▶ What is required
Any image in the records is to be skipped; everything else should be reproduced exactly.

▶ Dataset records
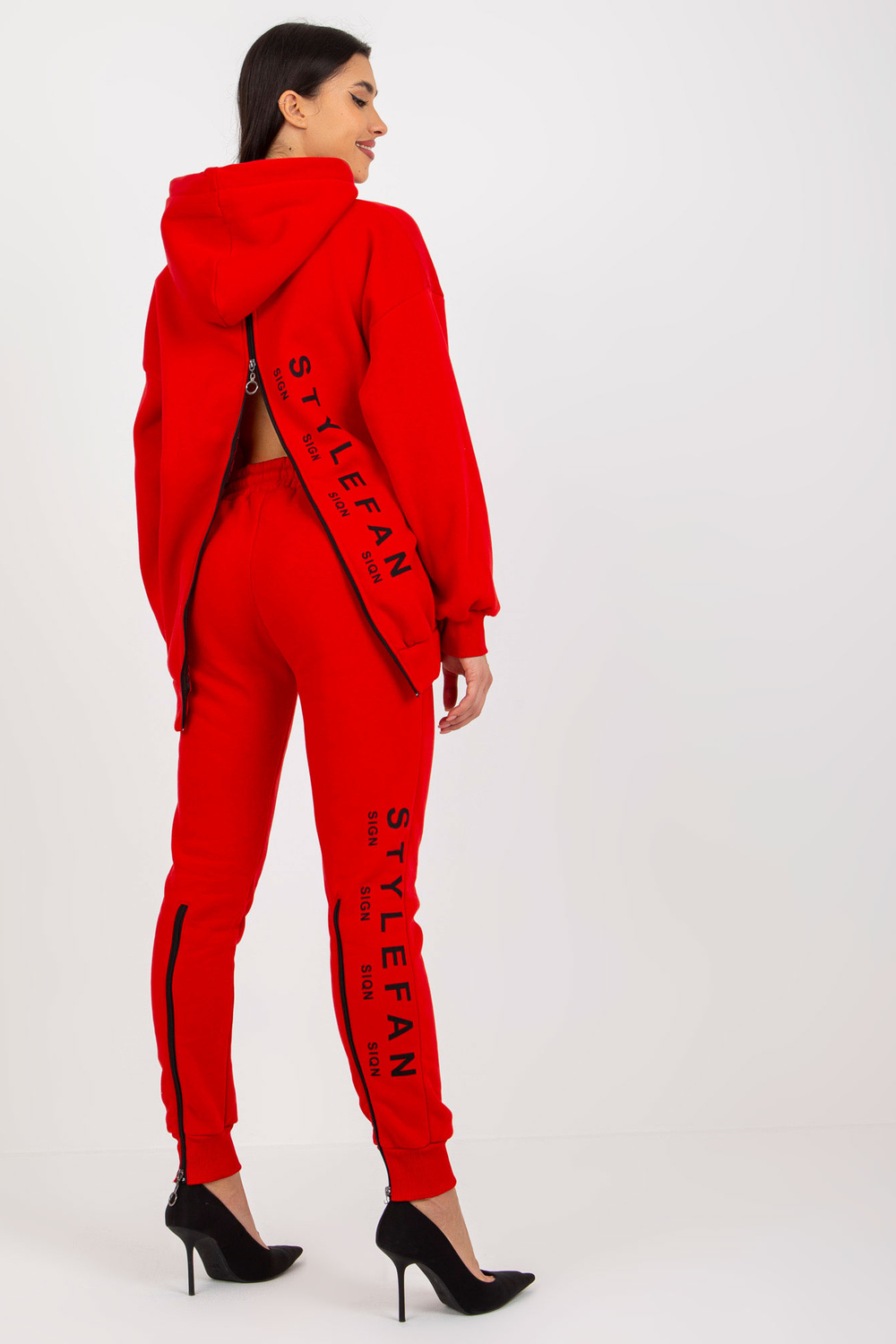 Punane naiste dressipluus tekstide ja tõmblukuga.
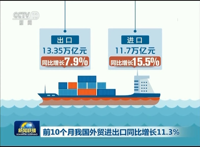 央視網(wǎng)消息(新聞聯(lián)播):海關(guān)總署今天公布:今年前10個(gè)月,我國(guó)貨物貿(mào)易進(jìn)出口總值25.05萬(wàn)億元人民幣,同比增長(zhǎng)11.3%。其中,出口13.35萬(wàn)億元,同比增長(zhǎng)7.9%,進(jìn)口11.7萬(wàn)億元,同比增長(zhǎng)15.5%。貿(mào)易順差1.65萬(wàn)億元,收窄26.1%。進(jìn)出口更趨平衡。
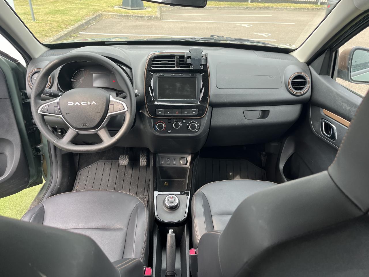Abs (antiblocage de roues)Aide au démarrage en côte (hsa)Aide au parking arrière avec caméra de reculAirbag frontal conducteurAirbag frontal passager déconnectableAirbags latéraux épaules et rideauxAppel d'urgence - ecallAssistance au freinage d'urgenceBanquette arrière rabattable 1/1Bouton de frein de parking chrome brillantCâble de recharge domestique mode 2 (10a)Câble de recharge mode 2 flexichargerCalandre blancheCapteur de pression des pneumatiquesChrome brillant autour des boutons de contrôle climatisationClignotants intégrés aux rétroviseurs extérieursClimatisation manuelleCommande d'ouverture de porte avant et arrière chrome brillantCondamnation automatique des portes en roulantDécoration de panneau de porte brun cuivréDésembuage arrièreDirection assistée électriqueEntourage d'aérations de console centrale motif brun cuivréEssuie-glace av et arFermeture centralisée à distanceFermeture des portes à cléFeux arrière avec signature lumineuseFeux de jour automatiques à ledFreinage actif d?urgence (aebs interurbain)Inserts noir brillant sur les accoudoirs des portes avant et arrière et sur la consoleKit de gonflageLève-vitres avant et arrière électriquesLimiteur de vitesseMedia nav : navigation radio dab réplication smartphone via un câble usb compatible avec apple carplay et android auto bluetooth 2 haut-parleurs écran tactile 7? prises usb et auxiliaire. mise à jour gratuite de la cartographie pendant 3 ansMolette rotative rnd chrome brillantOrdinateur de bord tft 3 5''Peinture blanc kaolinPoches aumônière au dos des sièges avantPoignées de portes couleur carrosseriePoignées de portes intérieures chroméesPrise 12vProgramme de stabilité électronique (esp)Réservoir lave-glace (3 litres)Rétroviseurs extérieurs brun cuivréRétroviseurs extérieurs réglables électriquementRail de toit décoratif motif brun cuivréRoue flexwheel 14? diamantée noirSellerie tep avec surpiqûres brun cuivréServices connectés depuis l?application my dacia : état de charge préconditionnement de l?habitacle géolocalisation arrêt/départ de chargeSignature lumineuse à ledStripping latéral sous rétroviseur motif noir et brun cuivréStripping latéral sur portière noir avec motifs topographiquesSystème de fixation isofix aux places arrièreVolant avec insert chrome brillant
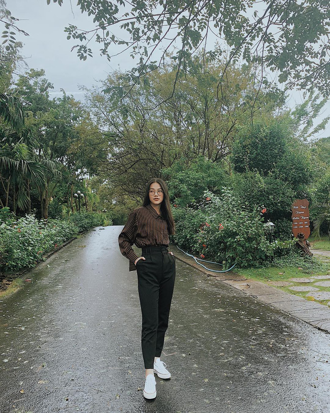 Phương Khánh chỉ cần sơmi kẻ sơvin gọn gàng cùng quần âu và giày sneakers trắng cũng khiến fan mãn nhãn trong street style sao Việt lần này. Đặc biệt set đồ kín đáo nhưng vẫn phô diễn được vòng eo thon trứ danh của nàng Hậu quốc tế.
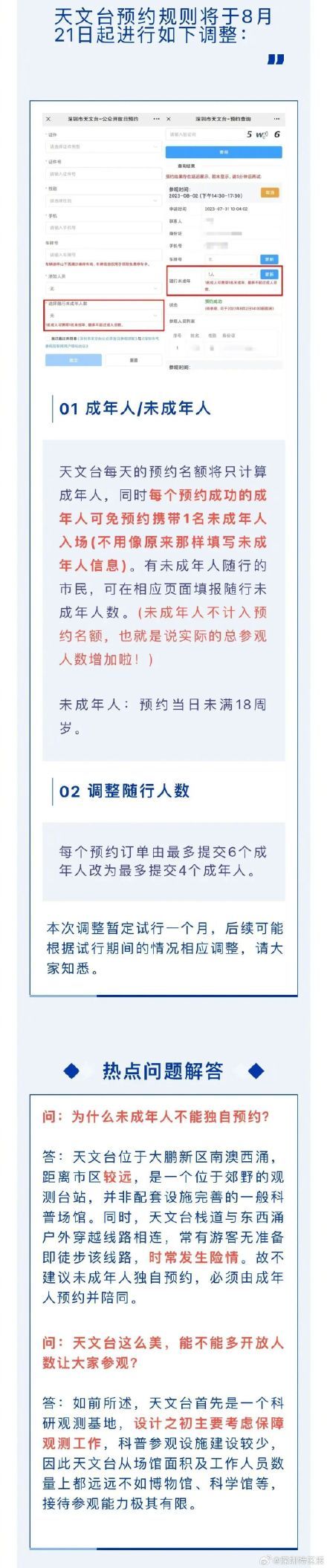 8月21日起,深圳天文台调整预约规则,每个预约订单最多提交6个成年人改为最多提交4个成年人,预约成功的成年人可携带1名未成年人入场。(深圳天文)

▶ Solution for this task
 Punane naiste dressipluus tekstide ja tõmblukuga.
 央視網(wǎng)消息(新聞聯(lián)播):海關(guān)總署今天公布:今年前10個(gè)月,我國(guó)貨物貿(mào)易進(jìn)出口總值25.05萬(wàn)億元人民幣,同比增長(zhǎng)11.3%。其中,出口13.35萬(wàn)億元,同比增長(zhǎng)7.9%,進(jìn)口11.7萬(wàn)億元,同比增長(zhǎng)15.5%。貿(mào)易順差1.65萬(wàn)億元,收窄26.1%。進(jìn)出口更趨平衡。
Abs (antiblocage de roues)Aide au démarrage en côte (hsa)Aide au parking arrière avec caméra de reculAirbag frontal conducteurAirbag frontal passager déconnectableAirbags latéraux épaules et rideauxAppel d'urgence - ecallAssistance au freinage d'urgenceBanquette arrière rabattable 1/1Bouton de frein de parking chrome brillantCâble de recharge domestique mode 2 (10a)Câble de recharge mode 2 flexichargerCalandre blancheCapteur de pression des pneumatiquesChrome brillant autour des boutons de contrôle climatisationClignotants intégrés aux rétroviseurs extérieursClimatisation manuelleCommande d'ouverture de porte avant et arrière chrome brillantCondamnation automatique des portes en roulantDécoration de panneau de porte brun cuivréDésembuage arrièreDirection assistée électriqueEntourage d'aérations de console centrale motif brun cuivréEssuie-glace av et arFermeture centralisée à distanceFermeture des portes à cléFeux arrière avec signature lumineuseFeux de jour automatiques à ledFreinage actif d?urgence (aebs interurbain)Inserts noir brillant sur les accoudoirs des portes avant et arrière et sur la consoleKit de gonflageLève-vitres avant et arrière électriquesLimiteur de vitesseMedia nav : navigation radio dab réplication smartphone via un câble usb compatible avec apple carplay et android auto bluetooth 2 haut-parleurs écran tactile 7? prises usb et auxiliaire. mise à jour gratuite de la cartographie pendant 3 ansMolette rotative rnd chrome brillantOrdinateur de bord tft 3 5''Peinture blanc kaolinPoches aumônière au dos des sièges avantPoignées de portes couleur carrosseriePoignées de portes intérieures chroméesPrise 12vProgramme de stabilité électronique (esp)Réservoir lave-glace (3 litres)Rétroviseurs extérieurs brun cuivréRétroviseurs extérieurs réglables électriquementRail de toit décoratif motif brun cuivréRoue flexwheel 14? diamantée noirSellerie tep avec surpiqûres brun cuivréServices connectés depuis l?application my dacia : état de charge préconditionnement de l?habitacle géolocalisation arrêt/départ de chargeSignature lumineuse à ledStripping latéral sous rétroviseur motif noir et brun cuivréStripping latéral sur portière noir avec motifs topographiquesSystème de fixation isofix aux places arrièreVolant avec insert chrome brillant
 Phương Khánh chỉ cần sơmi kẻ sơvin gọn gàng cùng quần âu và giày sneakers trắng cũng khiến fan mãn nhãn trong street style sao Việt lần này. Đặc biệt set đồ kín đáo nhưng vẫn phô diễn được vòng eo thon trứ danh của nàng Hậu quốc tế.
 8月21日起,深圳天文台调整预约规则,每个预约订单最多提交6个成年人改为最多提交4个成年人,预约成功的成年人可携带1名未成年人入场。(深圳天文)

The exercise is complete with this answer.